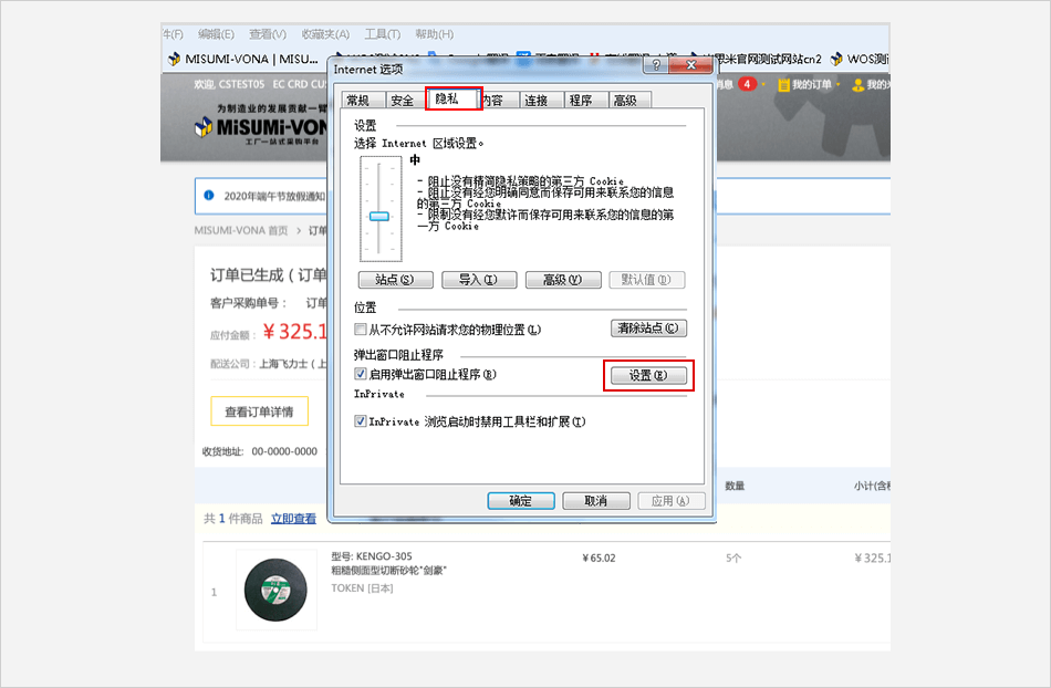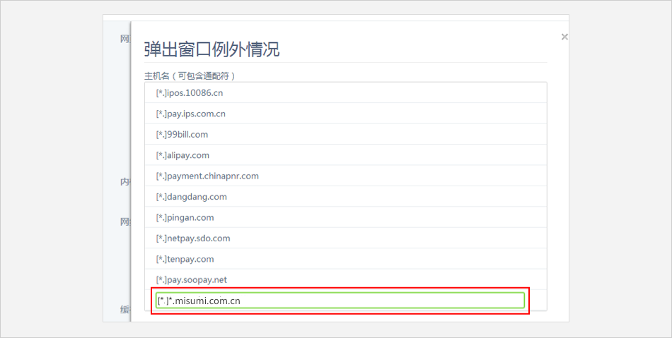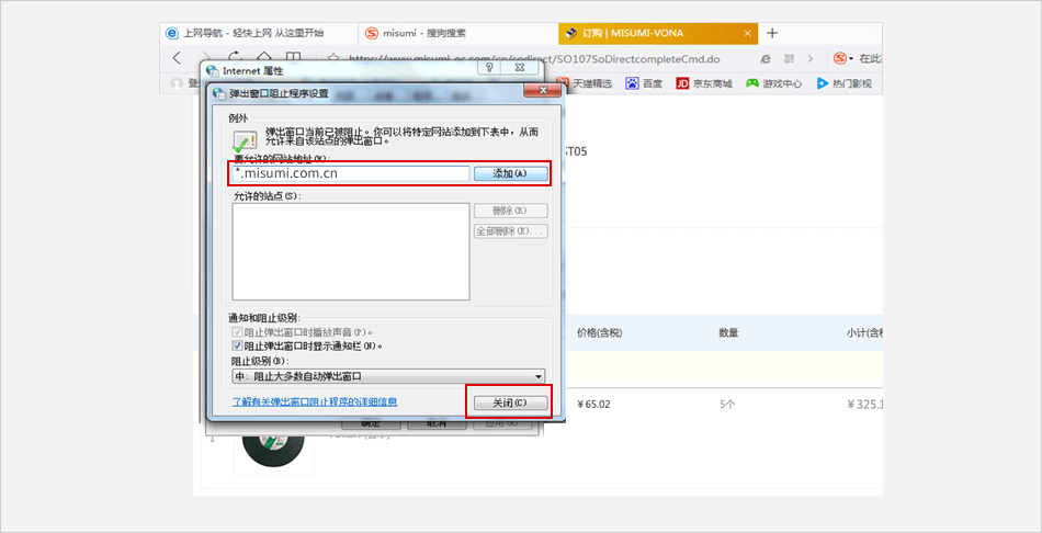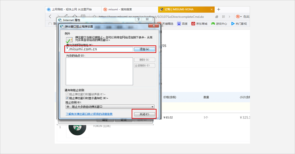 文本框內(nèi)輸入米思米網(wǎng)址:[*.]*.misumi.com.cn ? 關(guān)閉設(shè)置頁面。
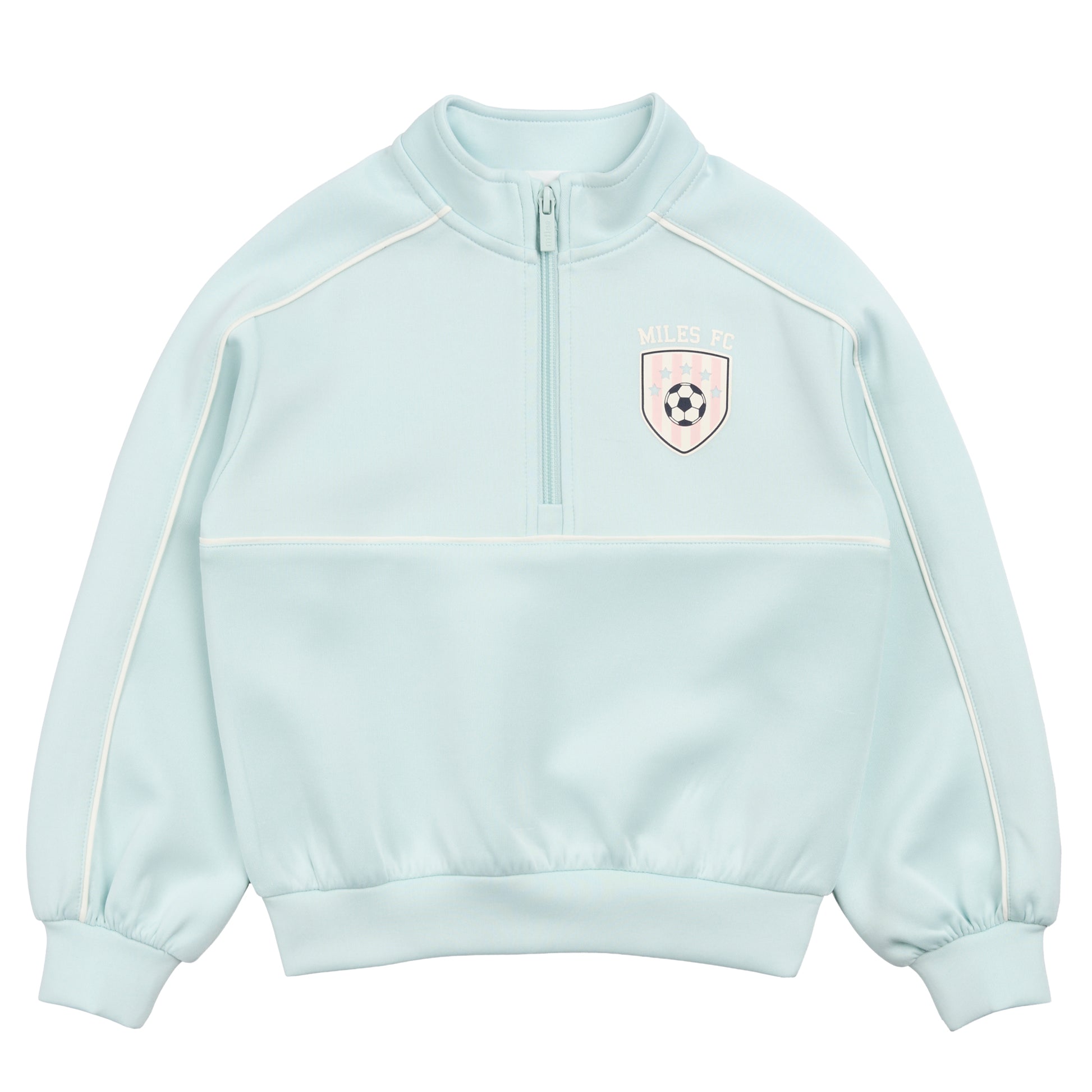 This cool and sporty track jacket in pastel blue is perfect for girls who can do it all. The half-zip, funnel neck gives a sleek finish while offering extra warmth on chilly spring days.
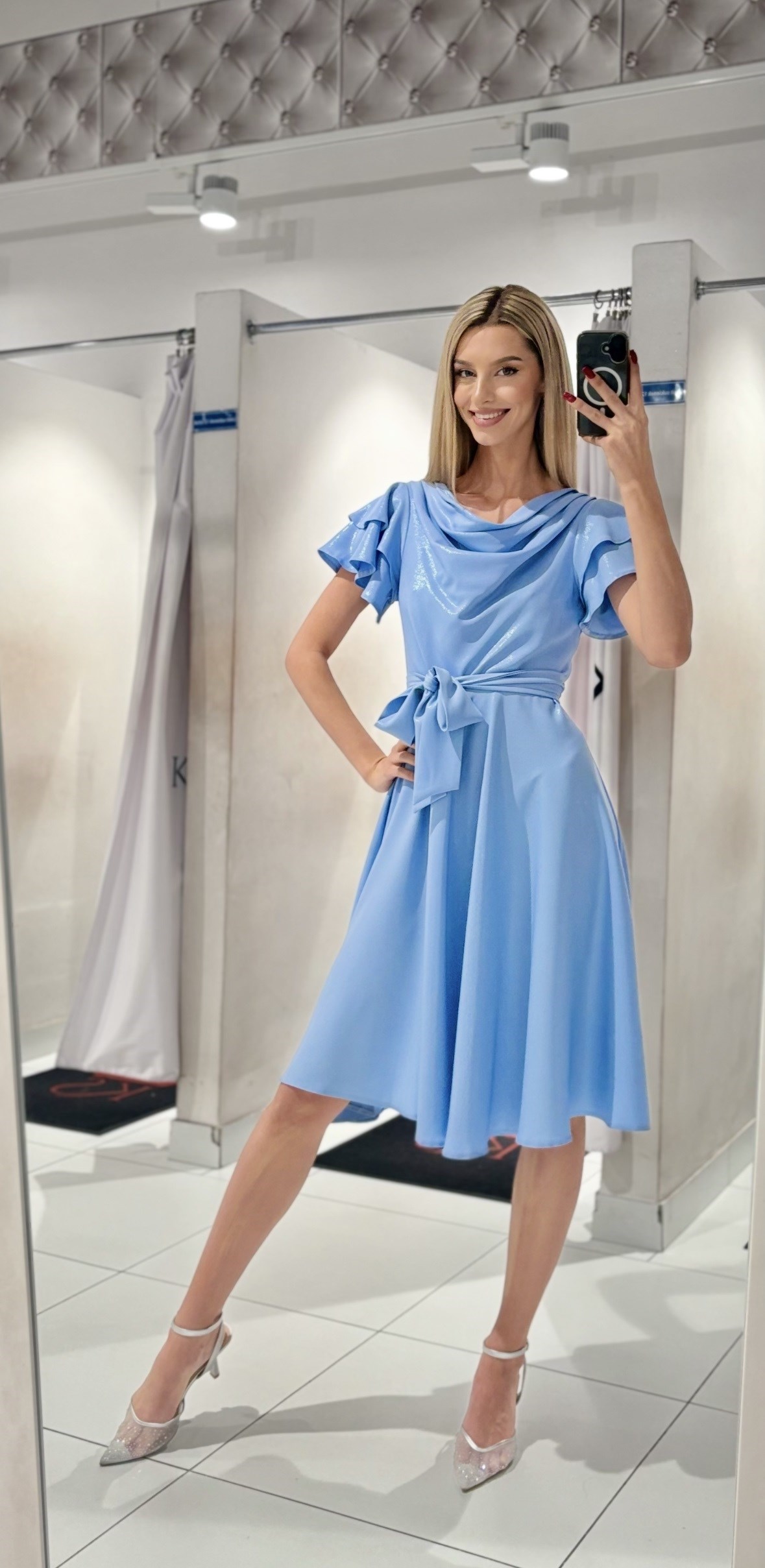 Sukienka krótka rękawek pasek połysk błękit
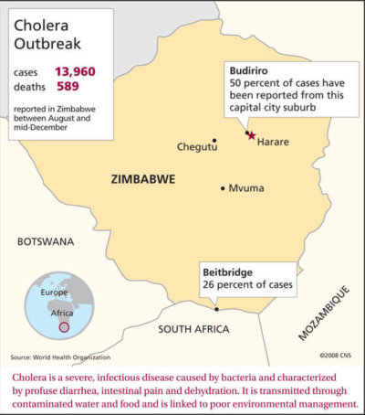 Zimbabwe’s cholera epidemic is made worse by its economic crisis. Inflation is officially 231 million percent, but prices double every 24 hours. Basic foodstuffs are running out, and the flow of refugees has spread the cholera to Mozambique, Botswana and Zambia, in addition to South Africa.
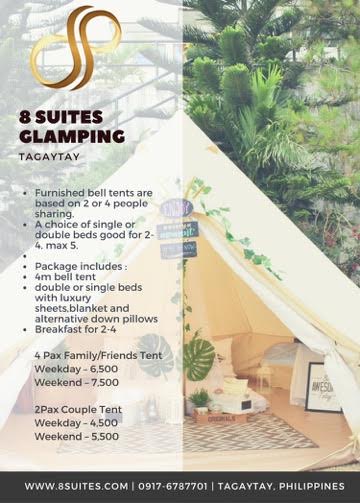 Rates start at P3190person. Family Glamping PHP 759900 Team Glamping PHP 1329900 Reunion Glamping Php 33999 PHP 459900 for two persons. 8 Suits offer glamping accommodations that you can enjoy with friends and family.
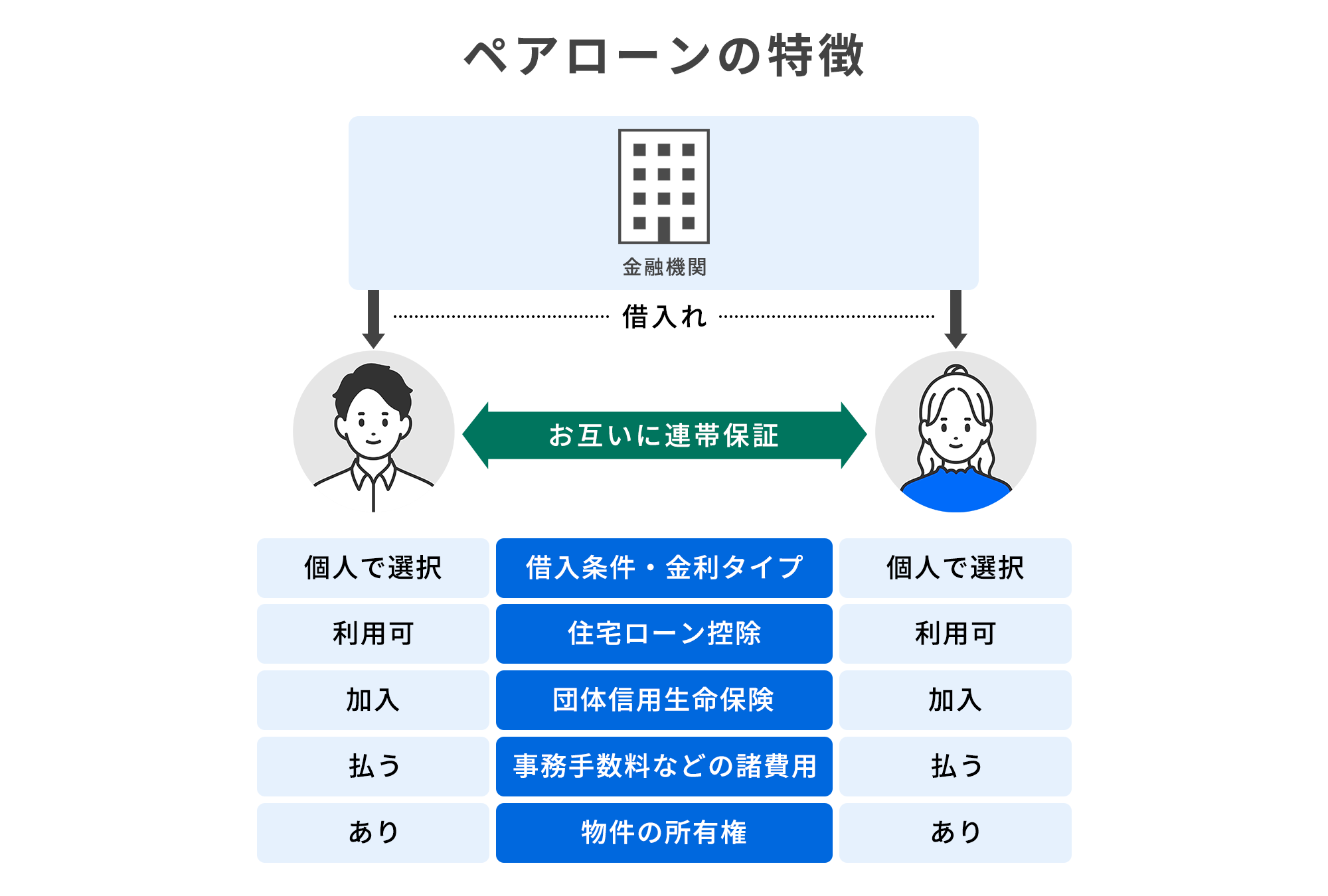 - ペアローンとは、一つの物件に対し夫婦又は親子がそれぞれ債務者となって住宅ローンを利用する方法。
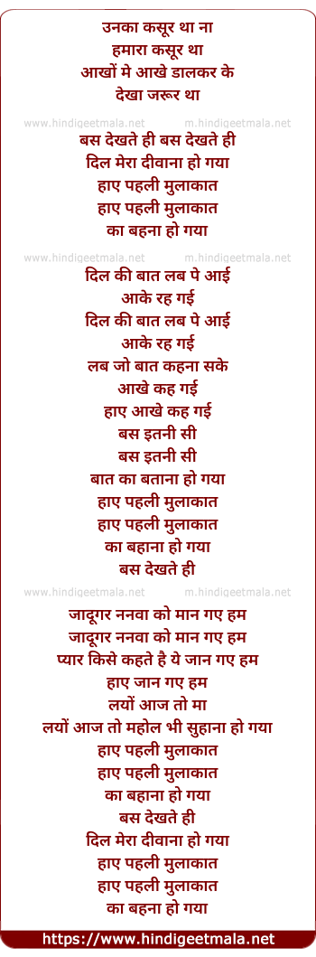 Lyrics of Unka Kasoor Tha Na Hamara - उनका कसूर था ना हमारा
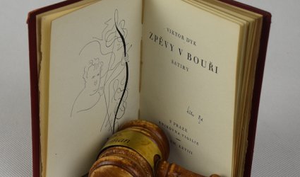 Praha, Dr. Štěpán Jež, 1928. Vigilie svazek 1. (v tiráži mylně třetí). Clkož. vazba s ražbou a zlacením, kapitálek, zlatá ořízka. 76 (1) s. Vázal Ludvík Bradáč. Ilustroval A.V. Hrska. Na titulním listě podpis Viktora Dyka. Celkem 500 výtisků, z toho 150 na ručním pap. van Gelder a 50 na pravém japanu. Výtisky na van Gelderu a japanu jsou číslovány a podepsány autorem. Tento výtisk jeden ze 150, č. 64.
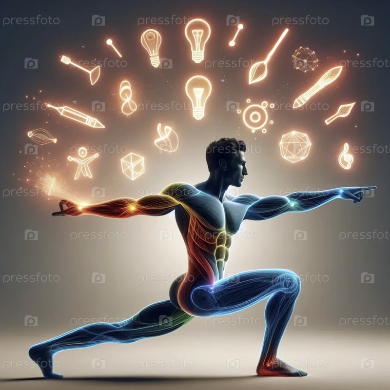 Практикующий йогу в широком воине II позирует с неоновым контуром и плавающими символическими идеями, Ai generated image
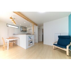 間仕切りを無くし、一体にしたLDKのアクセントカラーはブルーで鮮やかに。
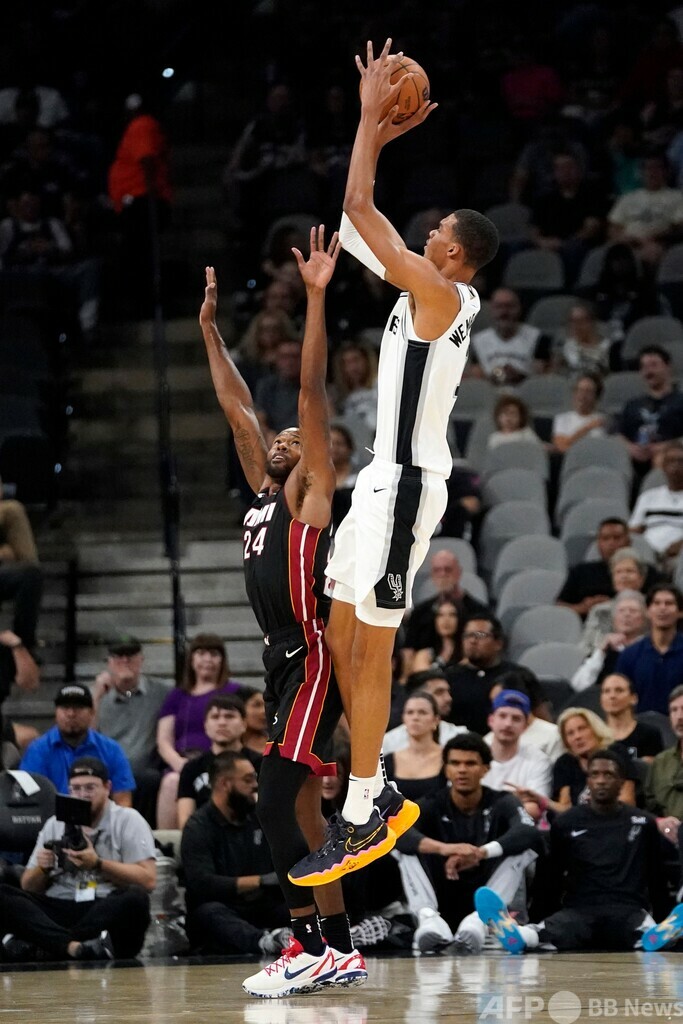 【10月14日 AFP】米プロバスケットボール(NBA)、サンアントニオ・スパーズ(San Antonio Spurs)のビクター・ウェンバンヤマ(Victor Wembanyama)は13日、マイアミ・ヒート(Miami Heat)とのプレシーズンゲームでデビュー2戦目に臨み、23得点の活躍を見せた。試合もスパーズが120-104で勝利した。
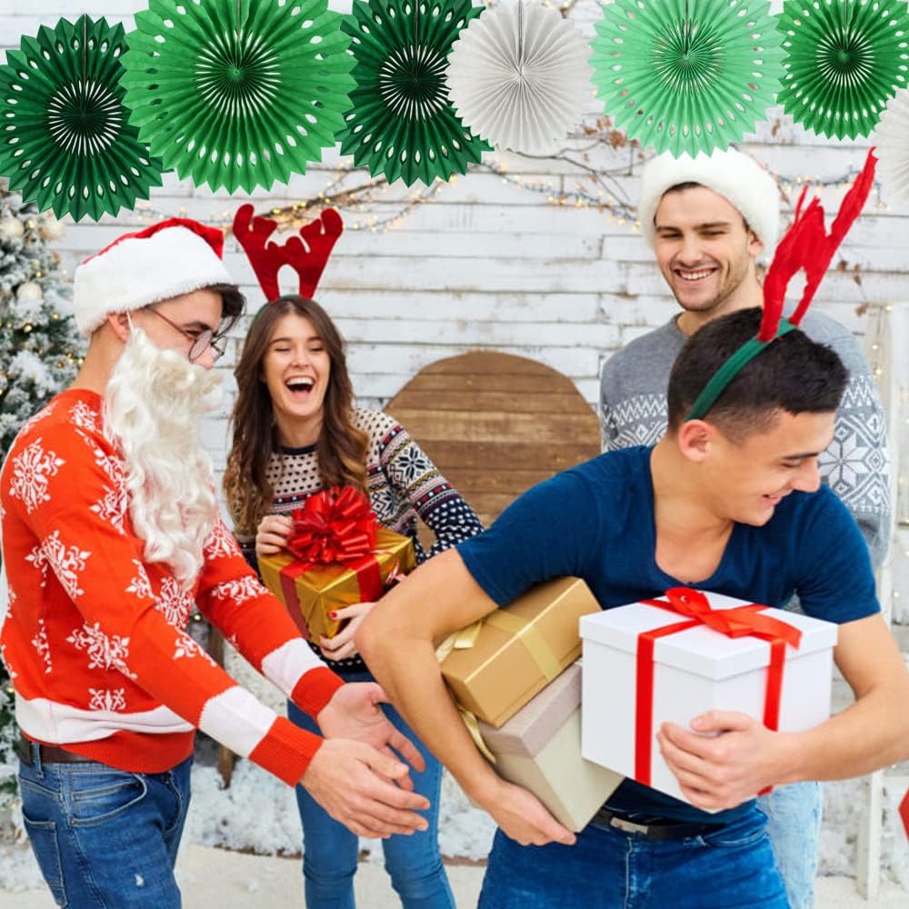 • ★Hanging decoration kit★party honeycomb paper flower fan set includes 11 paper flower fans of different sizes, among which the hollow paper flower fan size is 16 inches * 3, 12 inches * 3, 8 inches * 3, 6 inches *2,color include dark green, Christmas green, light green,white.
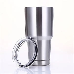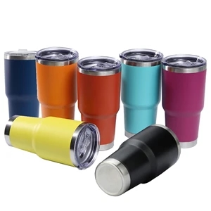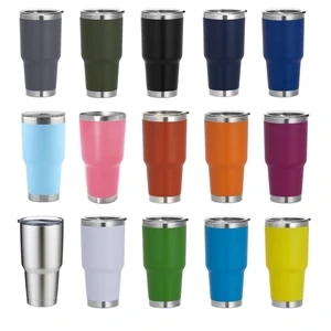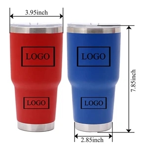 3.95" x 3.95" x 7.85" double wall stainless steel 30 ounce tumbler with lid and straw.
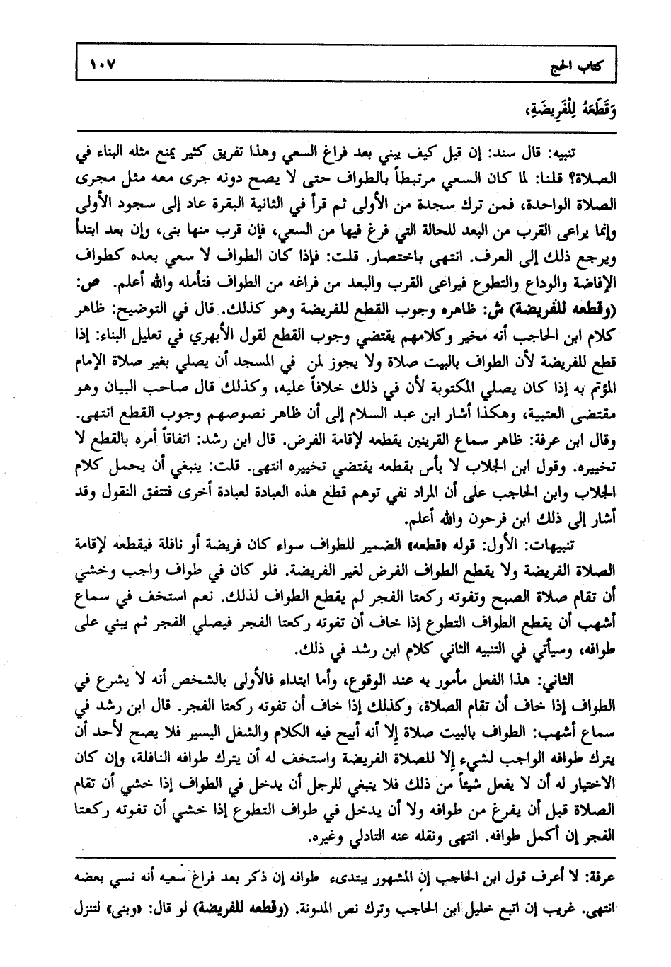 تنبيهات: الأول: قوله "قطعه" الضمير للطواف سواء كان فريضة أو نافلة فيقطعه لإقامة الصلاة الفريضة ولا يقطع الطواف الفرض لغير الفريضة. فلو كان في طواف واجب وخشي أن تقام صلاة الصبح وتفوته ركعتا الفجر لم يقطع الطواف لذلك. نعم استخف في سماع أشهب أن يقطع الطواف التطوع إذا خاف أن تفوته ركعتا الفجر فيصلي الفجر ثم يبني على طوافه وسيأتي في التنبيه الثاني كلام ابن رشد في ذلك. الثاني: هذا الفعل مأمور به عند الوقوع وأما ابتداء فالأولى بالشخص أنه لا يشرع في الطواف إذا خاف أن تقام الصلاة وكذلك إذا خاف أن تفوته ركعتا الفجر. قال ابن رشد في سماع أشهب الطواف بالبيت صلاة إلا أنه أبيح فيه الكلام والشغل اليسير فلا يصح لأحد أن يترك طوافه الواجب لشيء إلا للصلاة الفريضة واستخف له أن يترك طوافه النافلة وإن كان الاختيار له أن لا يفعل شيئا من ذلك فلا ينبغي للرجل أن يدخل في الطواف إذا خشي أن تقام الصلاة قبل أن يخلو من طوافه ولا أن يدخل في طواف التطوع إذا خشي أن تفوته ركعتا الفجر إن أكمل طوافه. انتهى ونقله عنه التادلي وغيره.

----------------------------------------

What you are asked to do =
The reply should hold exactly the lines above, starting at the line with "- ペアローンとは、一つの物" and ending at the line with "Lyrics of Unka", and no pictures.

Solution for this problem =
 - ペアローンとは、一つの物件に対し夫婦又は親子がそれぞれ債務者となって住宅ローンを利用する方法。
 Lyrics of Unka Kasoor Tha Na Hamara - उनका कसूर था ना हमारा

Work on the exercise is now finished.